╭──

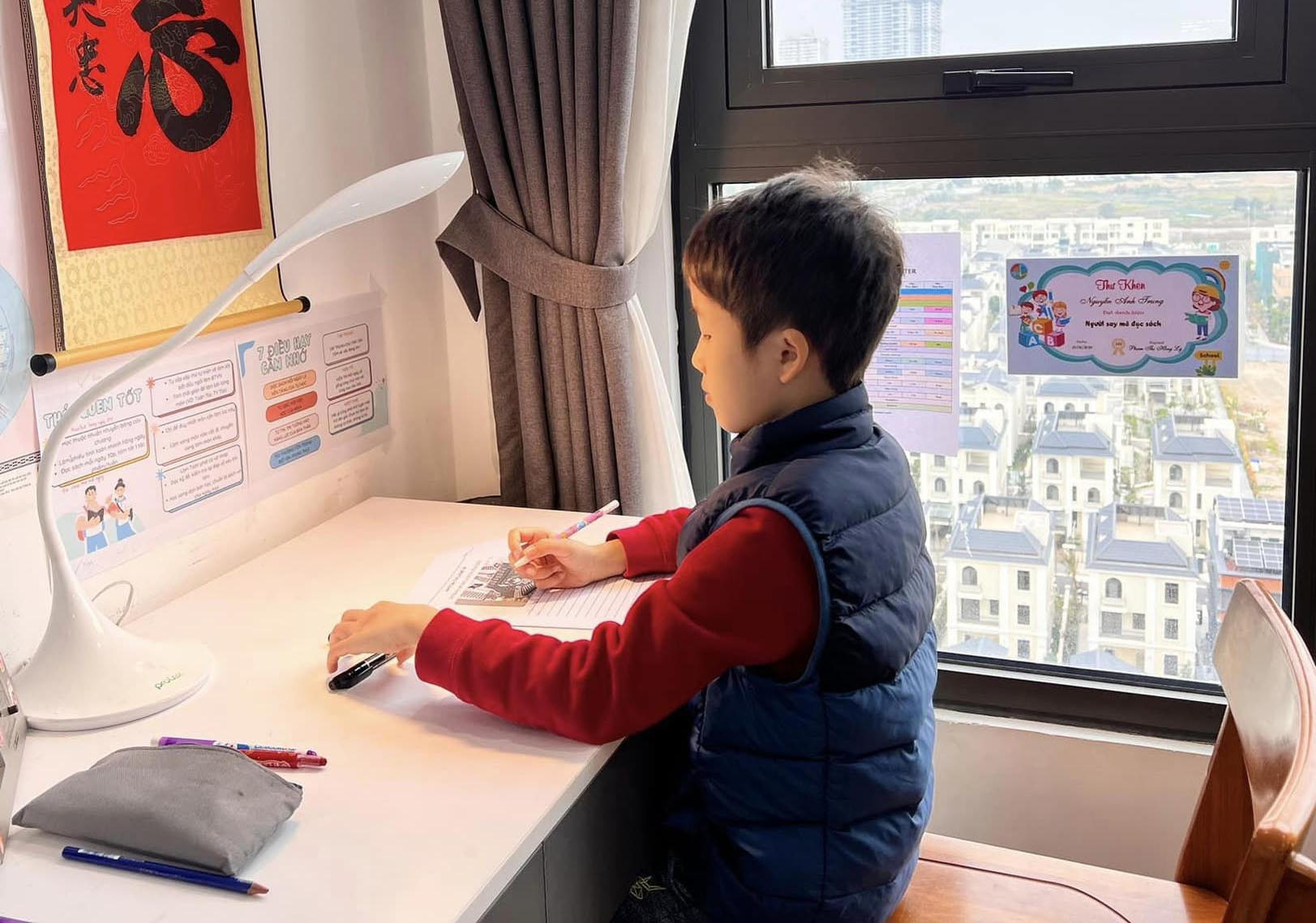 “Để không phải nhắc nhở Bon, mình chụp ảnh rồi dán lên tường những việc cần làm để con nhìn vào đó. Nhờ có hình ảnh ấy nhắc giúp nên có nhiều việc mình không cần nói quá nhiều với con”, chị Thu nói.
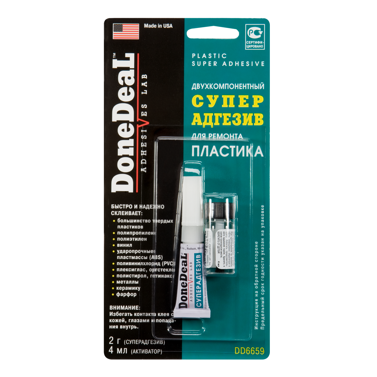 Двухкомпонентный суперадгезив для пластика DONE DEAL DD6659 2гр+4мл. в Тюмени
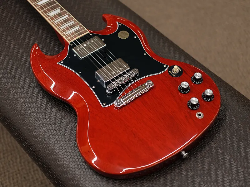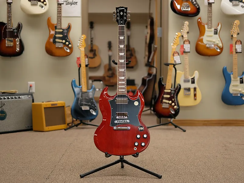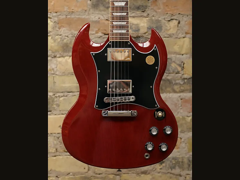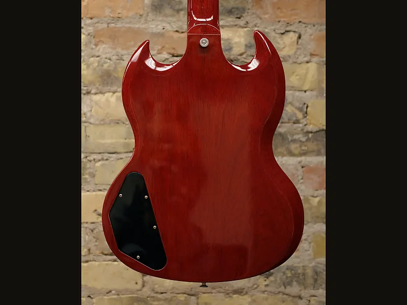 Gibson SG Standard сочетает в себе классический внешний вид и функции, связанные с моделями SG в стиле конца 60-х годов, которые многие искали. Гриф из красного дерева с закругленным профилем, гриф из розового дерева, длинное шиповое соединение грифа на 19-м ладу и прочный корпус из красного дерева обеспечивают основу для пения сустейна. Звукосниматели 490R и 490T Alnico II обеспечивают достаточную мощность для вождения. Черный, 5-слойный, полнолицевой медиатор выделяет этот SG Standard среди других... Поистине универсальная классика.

╰──

**Assignment:** Restate word for word the lines starting at the one that contains "Двухкомпонентный суперадгезив для" and ending at the last line of the data. Skip every picture.

**Result for this task:**
 Двухкомпонентный суперадгезив для пластика DONE DEAL DD6659 2гр+4мл. в Тюмени
 Gibson SG Standard сочетает в себе классический внешний вид и функции, связанные с моделями SG в стиле конца 60-х годов, которые многие искали. Гриф из красного дерева с закругленным профилем, гриф из розового дерева, длинное шиповое соединение грифа на 19-м ладу и прочный корпус из красного дерева обеспечивают основу для пения сустейна. Звукосниматели 490R и 490T Alnico II обеспечивают достаточную мощность для вождения. Черный, 5-слойный, полнолицевой медиатор выделяет этот SG Standard среди других... Поистине универсальная классика.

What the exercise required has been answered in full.